--- Raw data Enclosed Below ---
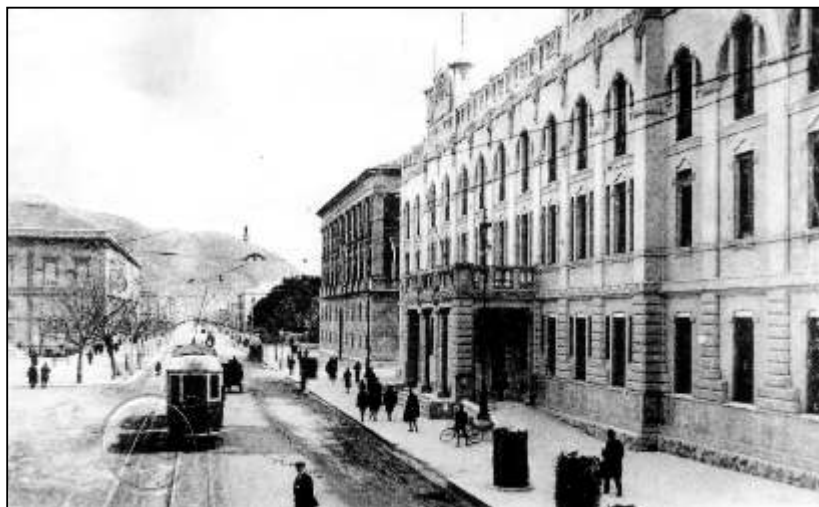
Palazzo delle Poste e Tram elettrico
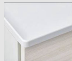
F ブレンネオホワイト(マット)
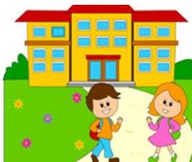
Il sé e l'altro
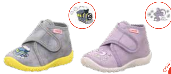
1-009253-2010 GRAU 1-009253-8520 LILA

Upper: TEXTIL Futter: Textilfutter Sohle: Synthetik Größe: 18-26 Liefertermin: ab Ende Juli WMS mittel
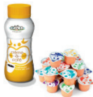
Kaffeerahm UHT Nr. 3105, L: 12x0.5 lt, P/Flasche: 2.30, P/K: 27.60
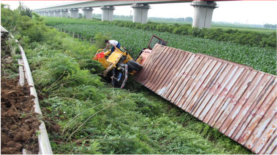
(图 1: 两车相撞后翻至高速公路护栏外的护坡下)
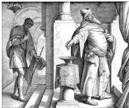
LE PHARISIEN ET LE PUBLICAIN (G.DORE)

présence de Dieu, et, évidemment, combattre la tendance contraire à résister à l'élévation de notre âme.
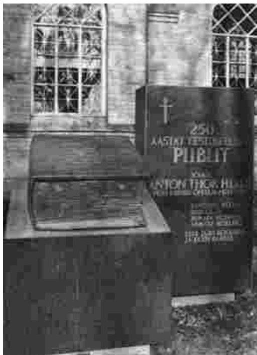
1989.aastal avati Jüri kiriku kõrval mälestusmärk 250 aastasele eestikeelsele Piiblile

et esimesed eesti keelde Piiblit tõlkinud mehed just sellistele eesmärkidele vastavat teksti kirjutada püüdsid?
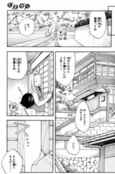
たまゆら ©佐藤順一・TYA / たまゆら制作委員会 ©momo / マッグガーデン

「たまゆら」(佐藤順一／マッグガーデン) https://sp.comics.mecha.cc/books/85242
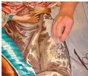
Lorca, Murcia, Spain

And how could we forget the city of Braga ( Portugal )? Braga is the seat of the main Portuguese Archdiocese and home to a singular liturgical rite, where the Holy Week is the main manifestation of its kind in Portugal.
--- End of Enclosed Raw data ---
:: Problem description ::
Single out each line of the records above with the string "マッグガーデン" in it, and copy it.

:: Result for this exercise ::
たまゆら ©佐藤順一・TYA / たまゆら制作委員会 ©momo / マッグガーデン
「たまゆら」(佐藤順一／マッグガーデン) https://sp.comics.mecha.cc/books/85242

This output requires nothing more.